The Apostle said that the person who taught this false teaching would suffer the penalty. He even went so far as to say he wished the false teacher would castrate himself. This seems a little harsh but it points to the seriousness of the false teaching.

Paul returned to the doctrine of Christian liberty and freedom. So that Christians may not abuse their liberty Paul reminded what Christ said. Christ told us the greatest commandments. “And he said to him, ‘You shall love the Lord your God with all your heart and with all your soul and with all your mind. This is the greatest and first commandment. And a second is like it: You shall love your neighbor as yourself. On these two commandments depend all the Law and the Prophets.’” (Matthew 22:37:40). We all need to help our neighbor to the limit of our capacity.

The question is often asked, “What must I do?” You can do nothing. But right after Paul said they need to be living by faith. He reminded them of what was a true faith. It is a faith that works through love. He immediately turned around and talked about the false teacher leading them astray. He told the Galatians they must do something to progress in their sanctification.

This is an often confused sequence. We confuse cause and effect. True faith produces works. But works do not produce a saving faith. It is the subtle difference between asking, “What must I do?” and “What may I do?” The first question is asked from a position of bondage. The second question is asked from love.

Paul, throughout the letter, talks about faith and grace over the law. I have been in many conversations in which people feel this is nitpicking. But working at getting our doctrine correct is important. But we must not elevate doctrine over love.
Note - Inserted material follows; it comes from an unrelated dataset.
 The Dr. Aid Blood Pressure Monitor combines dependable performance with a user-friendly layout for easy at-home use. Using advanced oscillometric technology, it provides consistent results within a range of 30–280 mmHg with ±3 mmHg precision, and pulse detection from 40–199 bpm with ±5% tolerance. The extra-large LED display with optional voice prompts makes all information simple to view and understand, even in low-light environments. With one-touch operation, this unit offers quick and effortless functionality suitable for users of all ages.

And we must not elevate love over doctrine. The smallest point of doctrine is of great importance. So, we must not allow even a little leaven to enter. But we may overlook the errors of life. We sin every day and not little sins, even the saints sin. We must base our faith on the Scripture not how we live or how we think things should be.
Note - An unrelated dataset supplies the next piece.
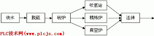 1、前言 梅山炼钢厂于1999年4月份作为起步全连铸钢厂开工一次性成功,创世界冶金工业开工史上同类企业的先进范例(全世界只有梅山炼钢厂和美国的Nucor公司作为起步全连铸钢厂开工一次性成功) ,作为宝钢三大基地普碳钢基地,梅山现可以生产6大类30多个钢种,并且开发出高附加值的钢种,如冷轧用钢、焊瓶钢、管线钢、集装箱板钢等,其中汽车大梁钢、焊瓶钢、集装箱板钢已成为梅山品牌.连铸机有效作业率和台时产量也获得全国第一的荣誉.2003年以前,整个炼钢过程均以贝利公司Infi90作为控制系统,2002年炼钢厂在连铸工艺中新增以SIEMENS PLC为控制系统的2号连铸机,并于2003年2月份投产,设计拉速为2.4m/m,集世界最先进控制技术,在今年生产计划中,将发挥主导作用。炼钢流程如图1所示:

Today there is an aversion to doctrine. The cry is, “Christ unities but doctrine divides.” But doctrine is what we know about Christ. It is how we know we are saved. It is knowing. Paul pointed out he was persecuted for preaching correct doctrine. He was not persecuted for letting it slide. So we too should stand firm on the scripture regardless of the consequences. We will even suffer wrath from those inside the church. As Christ said, in Matthew 5:11-12,

“Blessed are you when others revile you and persecute you and utter all kinds of evil against you falsely on my account. Rejoice and be glad, for your reward is great in heaven, for so they persecuted the prophets who were before you.”

Matthew 5:11-12

We must not fall short of this joy. Peace is not worth the price of betraying our Lord.

Christians are to rejoice when we hear the teaching of love. Non-Christians hear liberty and immediately infer, that if they are free to do as they like. “If salvation is not a matter of doing, why should I do anything for the poor or anyone else?” They turn the liberty of the spirit into sin. They use their lives and possessions for their pleasure. If they do not help the poor, if they cheat in business, they are not free, no matter how much they think they are. They are simply slaves of the devil.

Paul exhorts us to practice good works. After we embrace the pure doctrine of faith we still need to practice good works. This is not for our salvation. Rather it is because of it.

Faith comes first. Without faith, it is impossible to know what pleases God. As the writer to the Hebrew said,

“And without faith it is impossible to please him, for whoever would draw near to God must believe that he exists and that he rewards those who seek him.”

Hebrews 11:6

It is not easy to teach grace without work, and still require works. We must teach the doctrine of grace and good works. But we must teach them in such a manner that both doctrines stay within their God-given arenas. If we only teach works, we lose faith. If we only teach faith people will come to think that good works are superfluous.